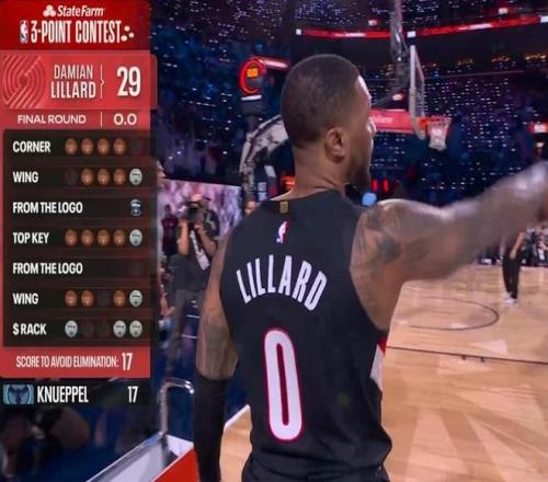 利拉德在決賽第二位登場(chǎng),他在第一個(gè)點(diǎn)命中4球,第二個(gè)點(diǎn)再中4球包括花球,隨后超遠(yuǎn)球命中。利拉德中路弧頂5中5表現(xiàn)出色,左側(cè)超遠(yuǎn)球不中,左側(cè)弧頂再中4球,最后一個(gè)花球點(diǎn)命中3球,利拉德得到29分比預(yù)賽成績(jī)高出2分。
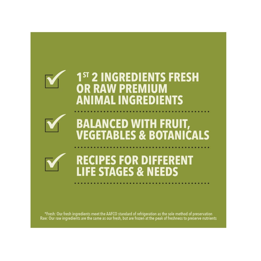 - The first 2 ingredients in this nutrient-dense, high-protein recipe are fresh or raw beef and pork. The fresh ingredients use refrigeration as the sole method of preservation, while the raw ingredients are frozen at their peak freshness.
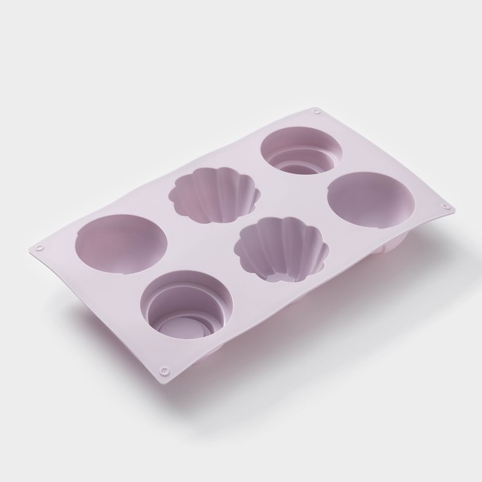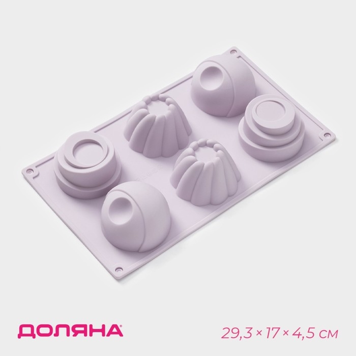 Форма для выпечки Доляна «Пудинг», силикон, 6 ячеек, 29,3×17×4,5 см, цвет сиреневый
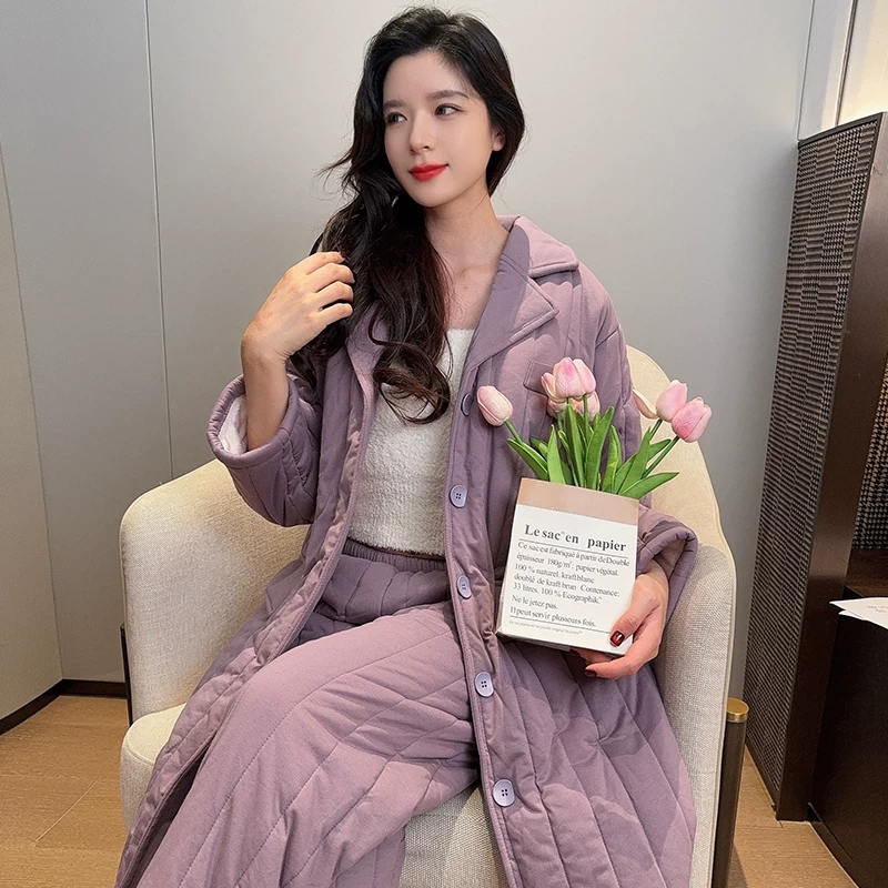 夹棉袄加绒加厚长款棉质睡袍长裤
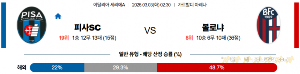 2026-03-03 02:30 세리에 A 피사SC 볼로냐 FC
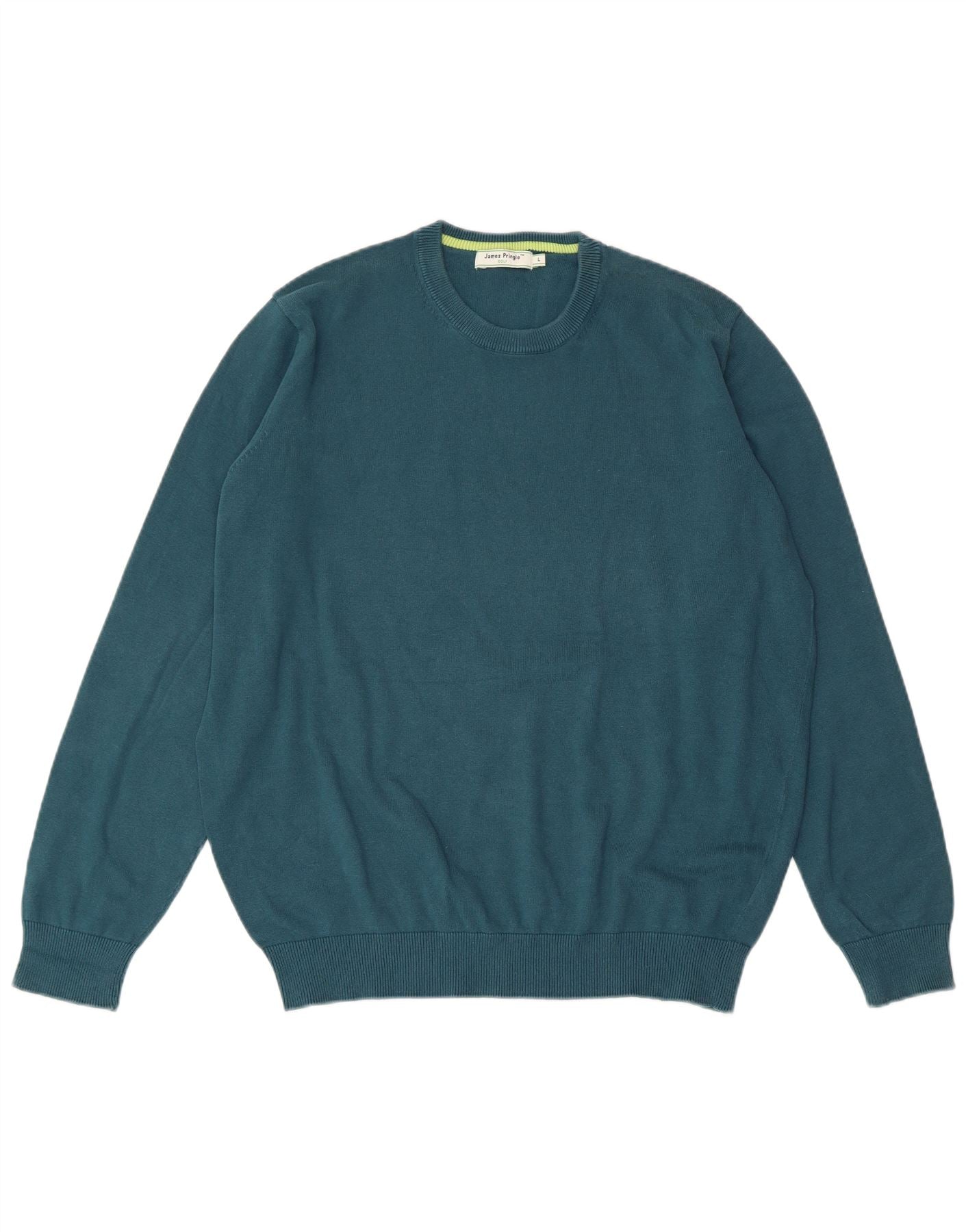 James Pringle Pulover pentru bărbați cu gât roșu, mare, albastru, bumbac
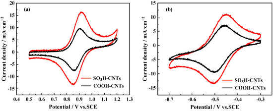 Cyclic voltammetry plots were obtained using an electrolyte solution containing 0.1 M VOSO4 + 2 M H2SO4 for (a) COOH-CNTs and (b) SO3H-CNTs at scan rate from 10 to 50 mV∙s−1; (c) peak current density as a functional of the square root of the scan rate.
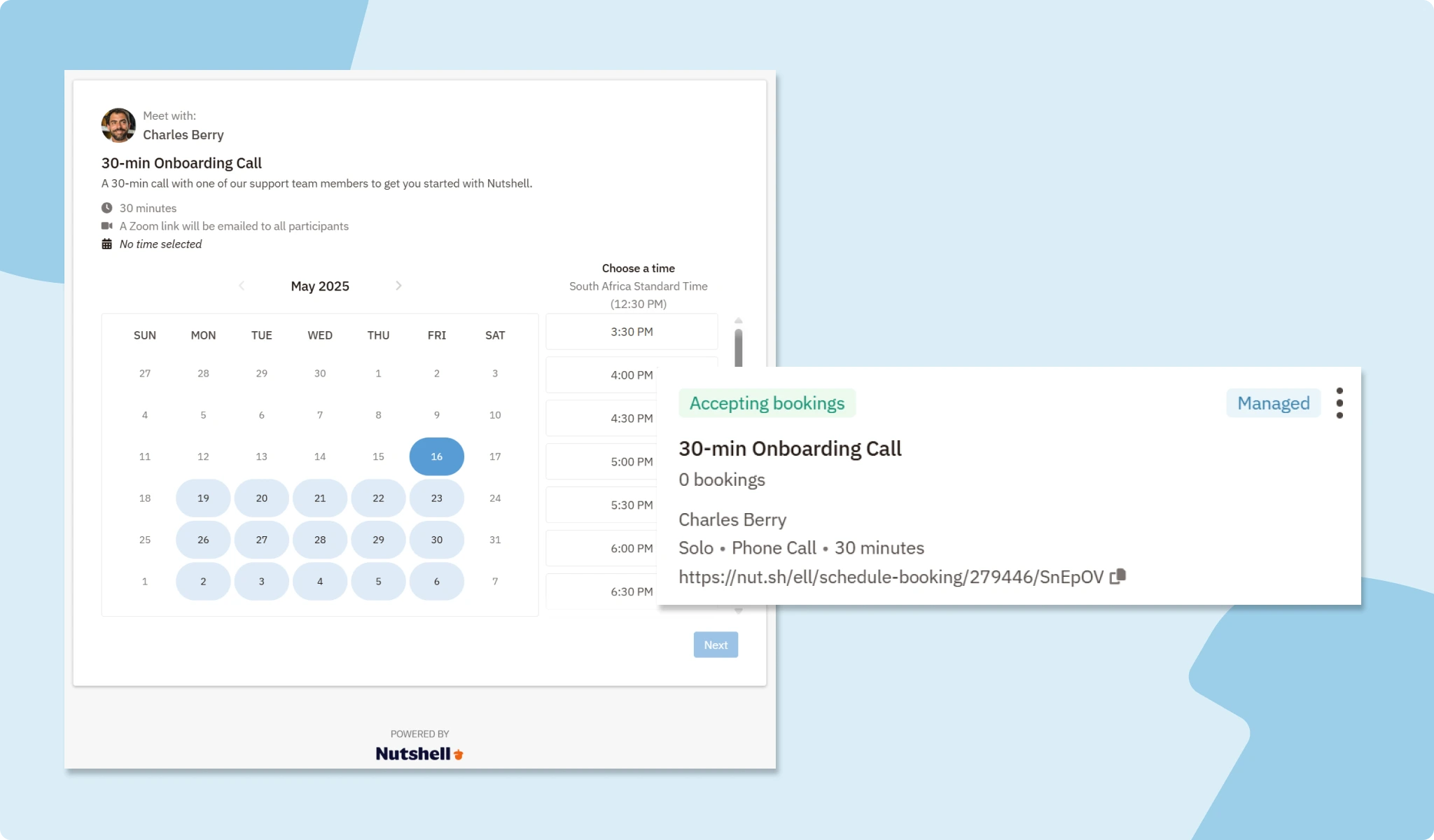 Simplify meeting management, save your sales team time, and ensure consistent booking experiences with Nutshell Scheduler’s managed meetings feature. With it, Nutshell admins can create, assign, and manage templated meetings for your sales team to share with leads and customers.
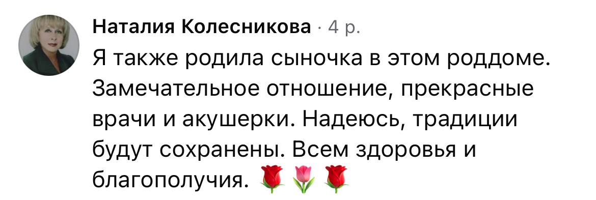- "Я також народила синочка в цьому пологовому будинку. Чудове ставлення, прекрасні лікарі та акушерки. Сподіваюся, традиції буде збережено. Усім здоров’я та добробуту".
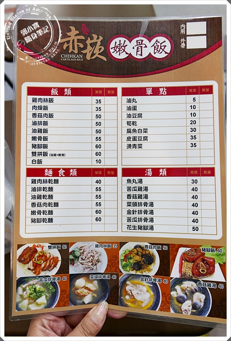 | 因為招牌會反光不好拍,直接拍餐單給大家看,飯食部分真的很平民價,豬腳飯價格也才$60元,35起跳就有雞肉絲飯,湯品的部分也有很多選擇!
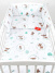 Súprava do postieľky 3-dielna Sada obsahuje: obliečky perinky 120/90 cm obliečky na vankúš 60/40 cm ochranný mantinel do postieľky v dĺžke 180 cm, výškou 30 cm (mantinel má šnúrky na pripevnenie k tyčiam postieľky) Celý popis produktu

========

## Work instruction
Set down every entry above exactly as written. Leave out all pictures.

## Response for this exercise
 利拉德在決賽第二位登場(chǎng),他在第一個(gè)點(diǎn)命中4球,第二個(gè)點(diǎn)再中4球包括花球,隨后超遠(yuǎn)球命中。利拉德中路弧頂5中5表現(xiàn)出色,左側(cè)超遠(yuǎn)球不中,左側(cè)弧頂再中4球,最后一個(gè)花球點(diǎn)命中3球,利拉德得到29分比預(yù)賽成績(jī)高出2分。
 - The first 2 ingredients in this nutrient-dense, high-protein recipe are fresh or raw beef and pork. The fresh ingredients use refrigeration as the sole method of preservation, while the raw ingredients are frozen at their peak freshness.
 Форма для выпечки Доляна «Пудинг», силикон, 6 ячеек, 29,3×17×4,5 см, цвет сиреневый
 夹棉袄加绒加厚长款棉质睡袍长裤
 2026-03-03 02:30 세리에 A 피사SC 볼로냐 FC
 James Pringle Pulover pentru bărbați cu gât roșu, mare, albastru, bumbac
 Cyclic voltammetry plots were obtained using an electrolyte solution containing 0.1 M VOSO4 + 2 M H2SO4 for (a) COOH-CNTs and (b) SO3H-CNTs at scan rate from 10 to 50 mV∙s−1; (c) peak current density as a functional of the square root of the scan rate.
 Simplify meeting management, save your sales team time, and ensure consistent booking experiences with Nutshell Scheduler’s managed meetings feature. With it, Nutshell admins can create, assign, and manage templated meetings for your sales team to share with leads and customers.
- "Я також народила синочка в цьому пологовому будинку. Чудове ставлення, прекрасні лікарі та акушерки. Сподіваюся, традиції буде збережено. Усім здоров’я та добробуту".
 | 因為招牌會反光不好拍,直接拍餐單給大家看,飯食部分真的很平民價,豬腳飯價格也才$60元,35起跳就有雞肉絲飯,湯品的部分也有很多選擇!
 Súprava do postieľky 3-dielna Sada obsahuje: obliečky perinky 120/90 cm obliečky na vankúš 60/40 cm ochranný mantinel do postieľky v dĺžke 180 cm, výškou 30 cm (mantinel má šnúrky na pripevnenie k tyčiam postieľky) Celý popis produktu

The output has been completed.